• WHAT THE TASK ASKS
Reproduce, exactly and in full, only the lines below from the one containing "Phong độ gần" through the one containing "[옷자락] 여성 배색 오버사이즈 스트라이프 라운드넥 부클 니트".

• INPUT RECORDS
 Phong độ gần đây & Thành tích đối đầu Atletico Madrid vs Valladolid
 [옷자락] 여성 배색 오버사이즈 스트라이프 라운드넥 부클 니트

---

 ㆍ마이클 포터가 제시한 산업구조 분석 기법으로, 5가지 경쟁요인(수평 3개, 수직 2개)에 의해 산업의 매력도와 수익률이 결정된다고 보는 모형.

• EXERCISE SOLUTION
 Phong độ gần đây & Thành tích đối đầu Atletico Madrid vs Valladolid
 [옷자락] 여성 배색 오버사이즈 스트라이프 라운드넥 부클 니트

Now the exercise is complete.